*** Opening of Data for the task ***

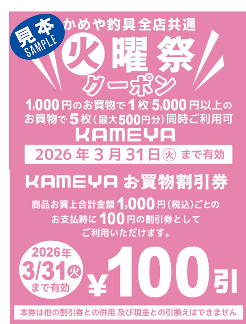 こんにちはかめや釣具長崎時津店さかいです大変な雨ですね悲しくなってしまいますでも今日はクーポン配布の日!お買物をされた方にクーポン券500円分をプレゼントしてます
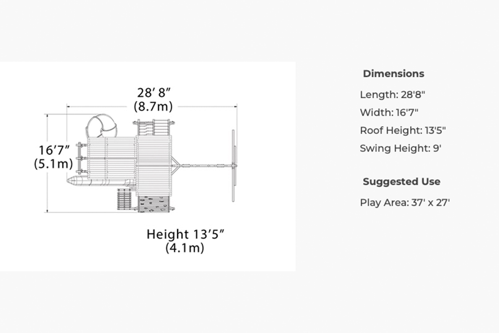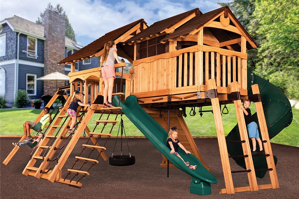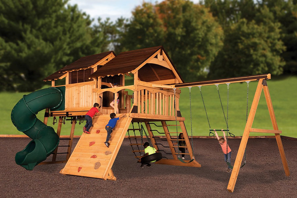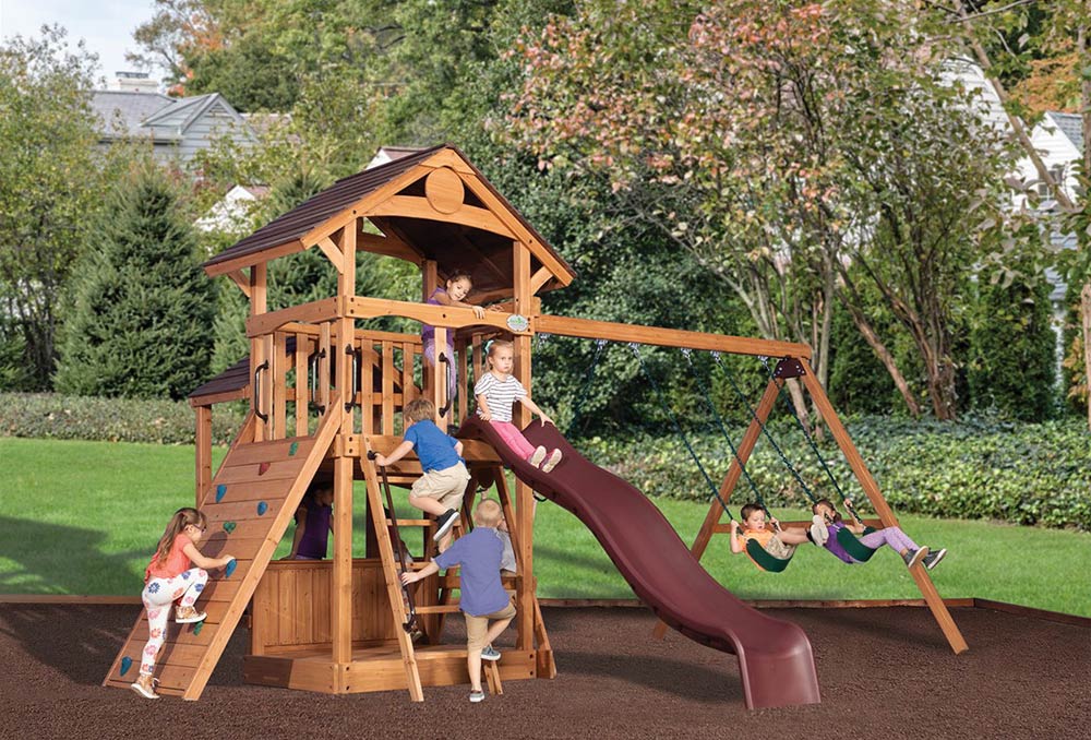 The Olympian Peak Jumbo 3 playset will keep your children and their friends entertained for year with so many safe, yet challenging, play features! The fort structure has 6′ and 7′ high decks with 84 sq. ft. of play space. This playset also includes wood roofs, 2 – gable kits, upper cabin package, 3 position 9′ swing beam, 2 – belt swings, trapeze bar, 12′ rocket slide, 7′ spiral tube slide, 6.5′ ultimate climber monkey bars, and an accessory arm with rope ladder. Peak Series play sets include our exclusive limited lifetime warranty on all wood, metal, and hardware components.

*** Close of Data for the task ***
*** Opening of Data for the task ***

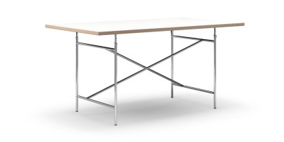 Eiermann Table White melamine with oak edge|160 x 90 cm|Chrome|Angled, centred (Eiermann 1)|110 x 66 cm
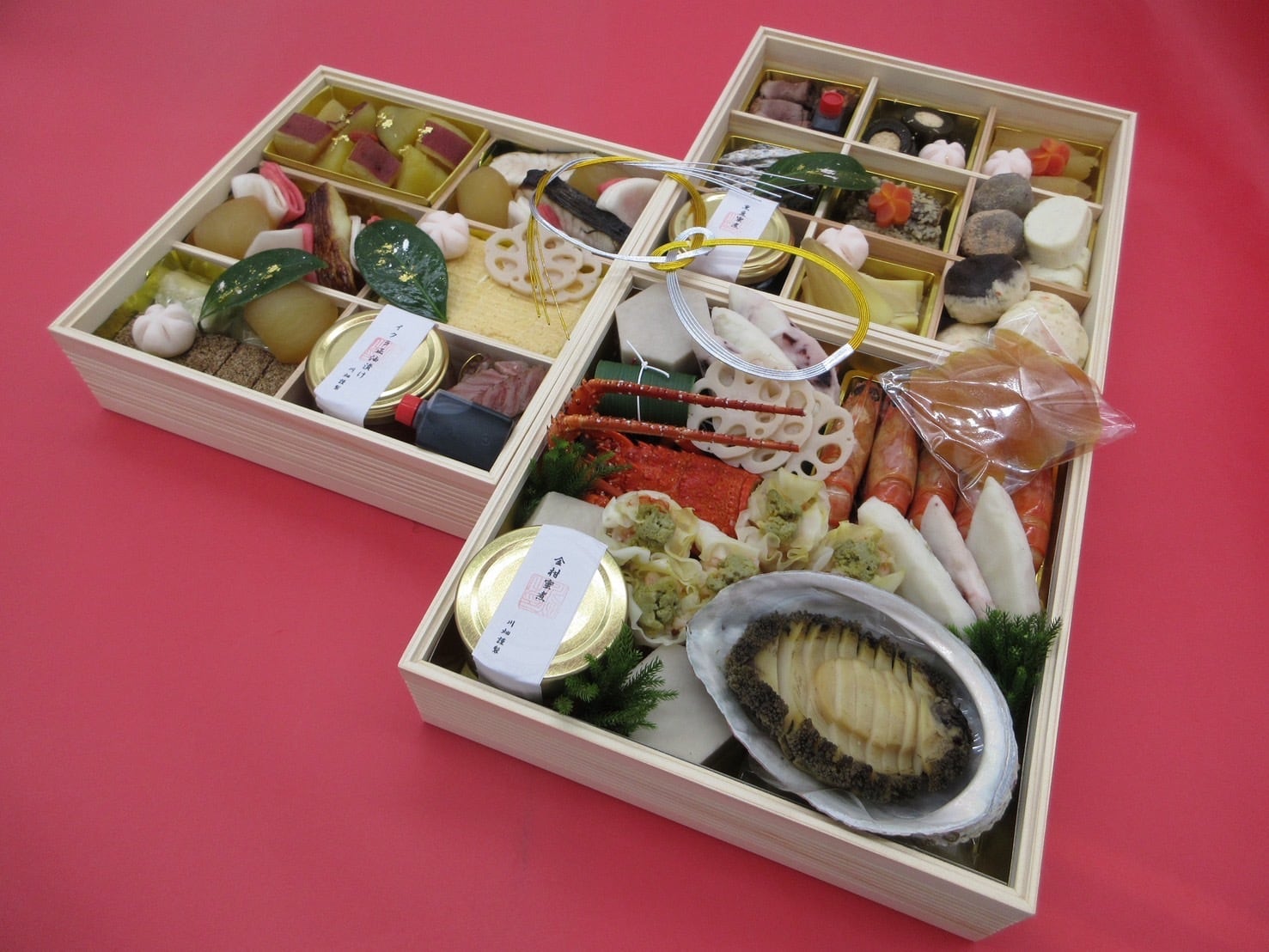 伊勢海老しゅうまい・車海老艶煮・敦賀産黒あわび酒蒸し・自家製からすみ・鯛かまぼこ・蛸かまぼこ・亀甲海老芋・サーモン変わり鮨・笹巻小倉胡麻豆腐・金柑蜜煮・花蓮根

*** Close of Data for the task ***
*** Opening of Data for the task ***

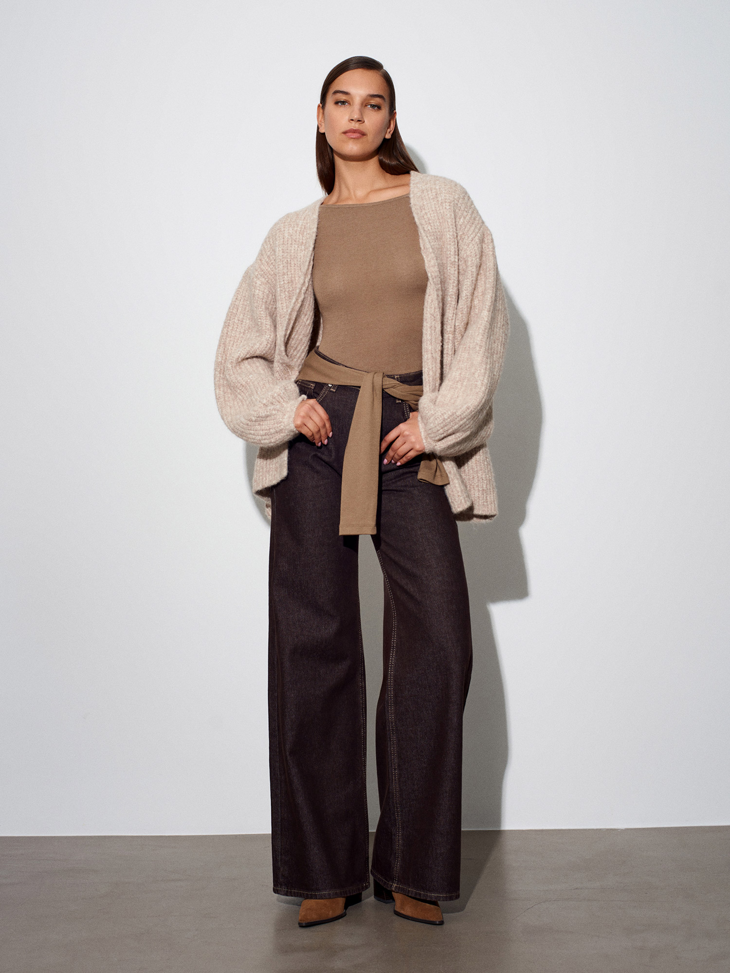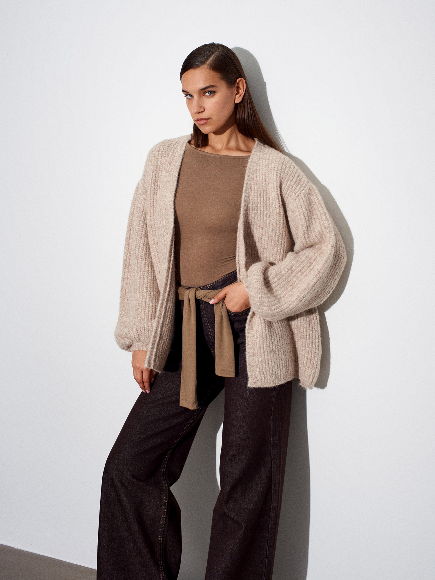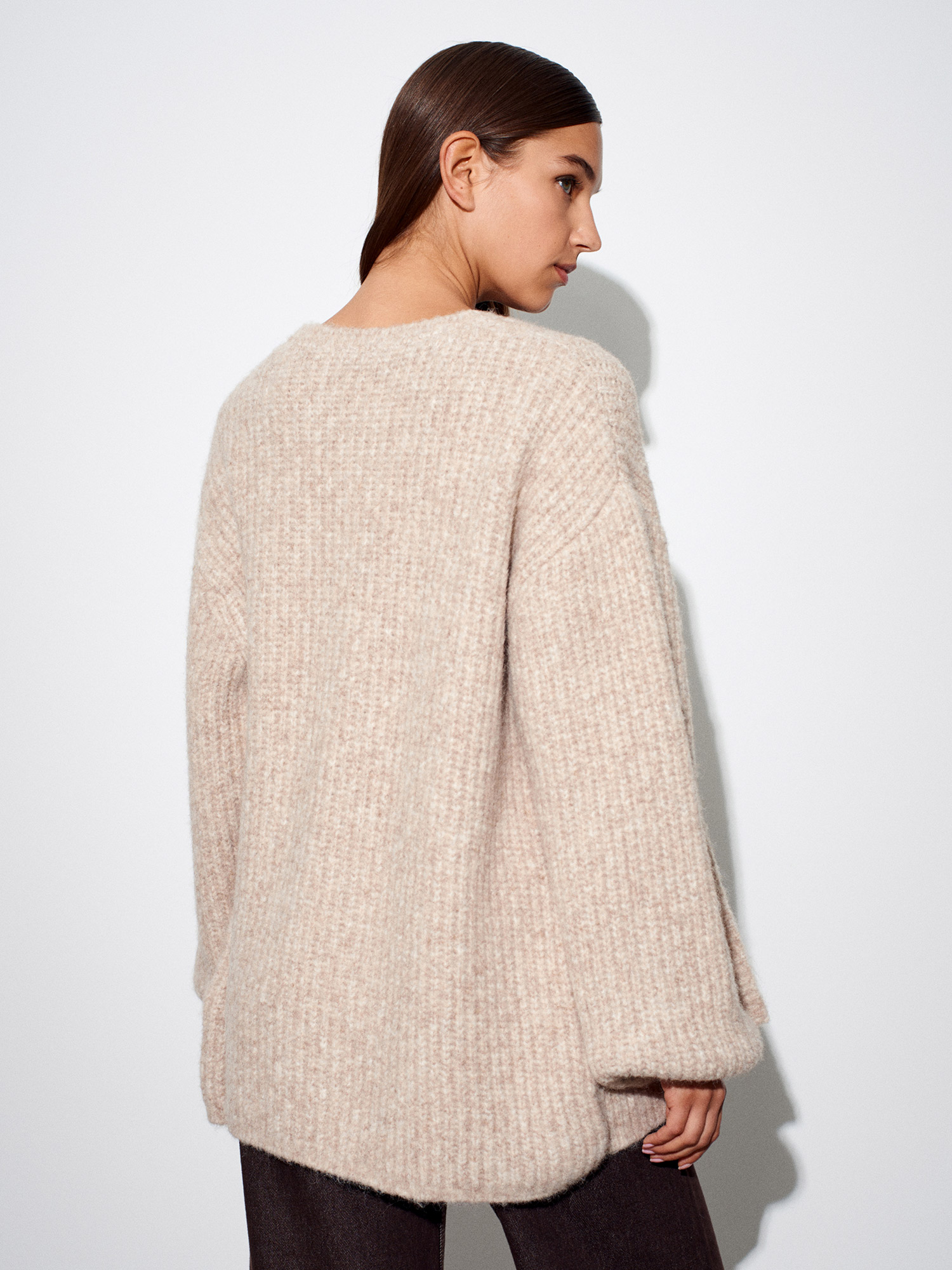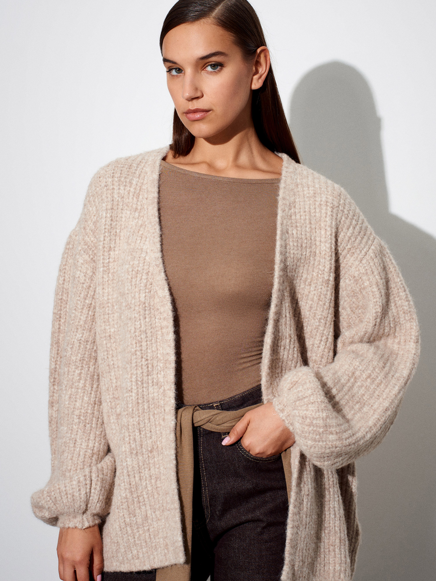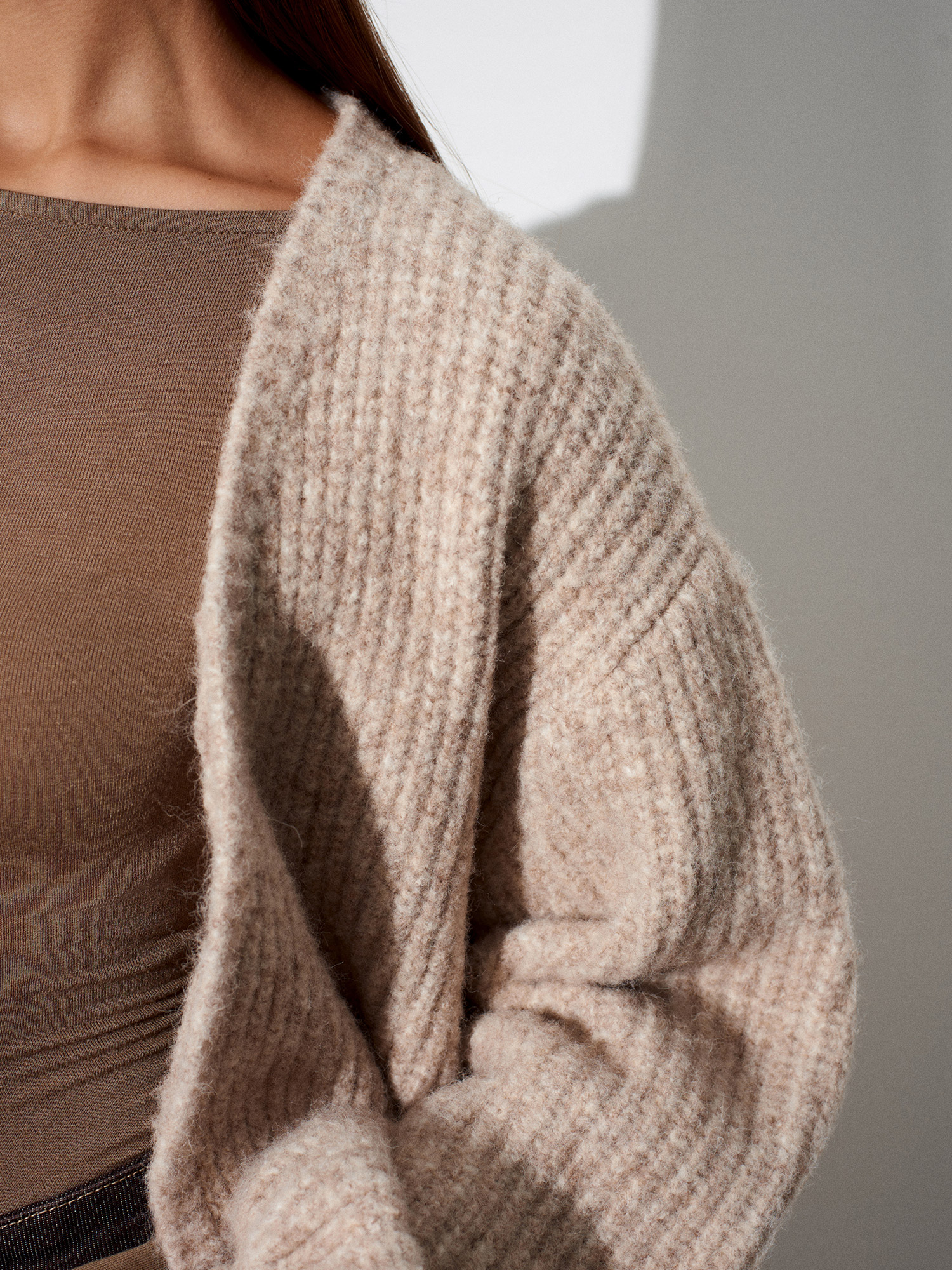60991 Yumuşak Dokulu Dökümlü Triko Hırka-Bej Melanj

*** Close of Data for the task ***

Your task → What do the entries above read from the line containing "こんにちはかめや釣具長崎時津" through the line containing "The Olympian Peak"? Output those lines exactly, both ends included, with the pictures left out.

Solution →
 こんにちはかめや釣具長崎時津店さかいです大変な雨ですね悲しくなってしまいますでも今日はクーポン配布の日!お買物をされた方にクーポン券500円分をプレゼントしてます
 The Olympian Peak Jumbo 3 playset will keep your children and their friends entertained for year with so many safe, yet challenging, play features! The fort structure has 6′ and 7′ high decks with 84 sq. ft. of play space. This playset also includes wood roofs, 2 – gable kits, upper cabin package, 3 position 9′ swing beam, 2 – belt swings, trapeze bar, 12′ rocket slide, 7′ spiral tube slide, 6.5′ ultimate climber monkey bars, and an accessory arm with rope ladder. Peak Series play sets include our exclusive limited lifetime warranty on all wood, metal, and hardware components.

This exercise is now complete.